QUANTITATIVE trait analysis has many applications in plant and animal breeding and in human genetics. Mapping quantitative trait loci (QTL) that influence agriculturally important traits such as grain yield in rice or milk production in cows can help scientists produce specimens with more desirable qualities.
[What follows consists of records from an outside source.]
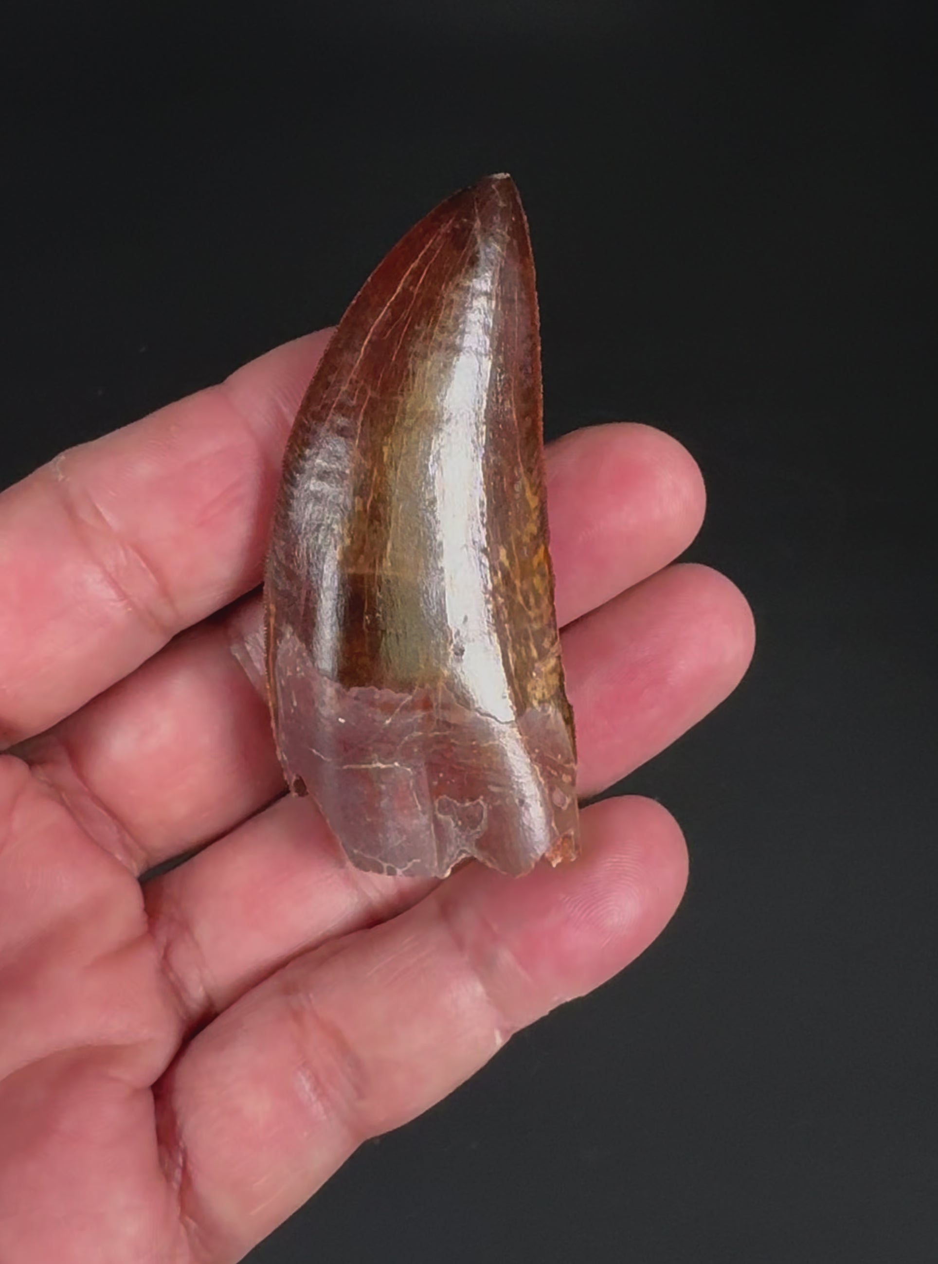Here is a high-quality Carcharodontosaurid tooth from the Upper Cretaceous period of the Kem Kem Group in Morocco. It features intact, sharp serrations with interesting wrinkles along the edges. The enamel is smooth and glossy, and part of the root remains attached.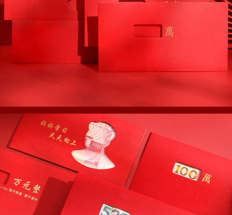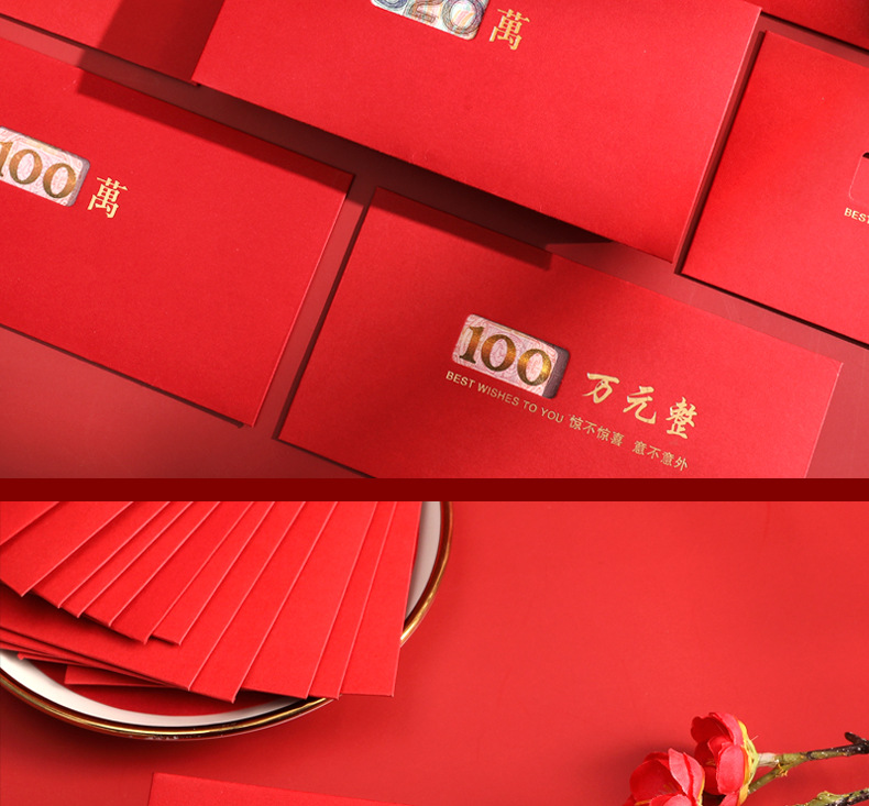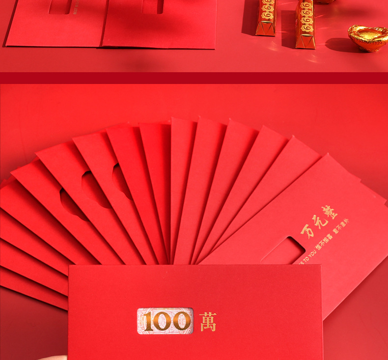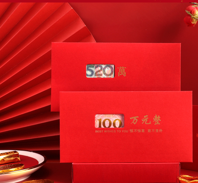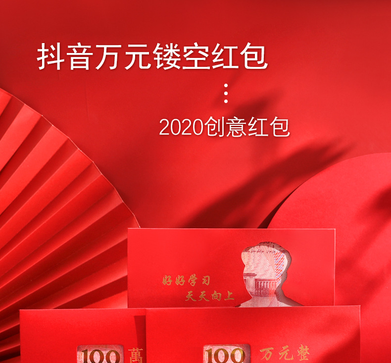 过新牛年2020公司福利恶搞镂空万字创意100万春节堵门红包利是封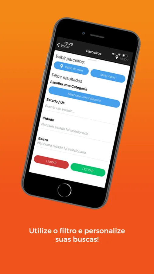 Busca de parceiros através do geolocalizador, filtragem personalizada para as buscas de empresas parceiras, acesso ao cartão virtual para utilizar os descontos, acesso a notícias e além do SAC para atendimento.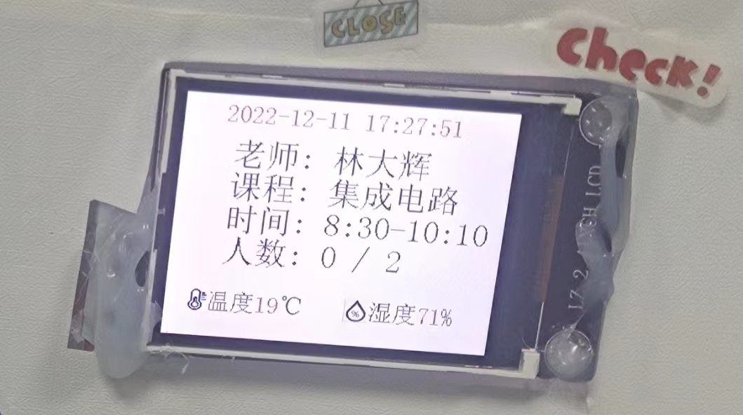 室外配有语音播报模块,NFC门禁模块以及一块2.4寸TFT彩屏,在屏上可显示教室的实时上课信息。

Complex human diseases, like breast cancer and diabetes, are known to have genetic etiologies. Animal models may be useful in studying their origins.

Most existing statistical methods have been developed for experimental designs with a single cross from two inbred parents (LANDER and BOTSTEIN 1989 ; HALEY and KNOTT 1992 ; ZENG 1993, ZENG 1994 ; JANSEN and STAM 1994 ). DOERGE et al. 1997 provided a comprehensive review of methodologies for detecting and locating genes affecting quantitative traits in experimental breeding populations. However, quantitative traits are often influenced by several genes with large effects (major QTL) and many genes with relatively small effects (polygenes). In animal science, where outbred parental populations are available, the polygenic effect has been taken into consideration (FERNANDO and GROSSMAN 1989 ). In horticulture, less attention has been paid to genes with small effects, perhaps because researchers are able to rely on simple crosses such as F₂ or backcross (BC).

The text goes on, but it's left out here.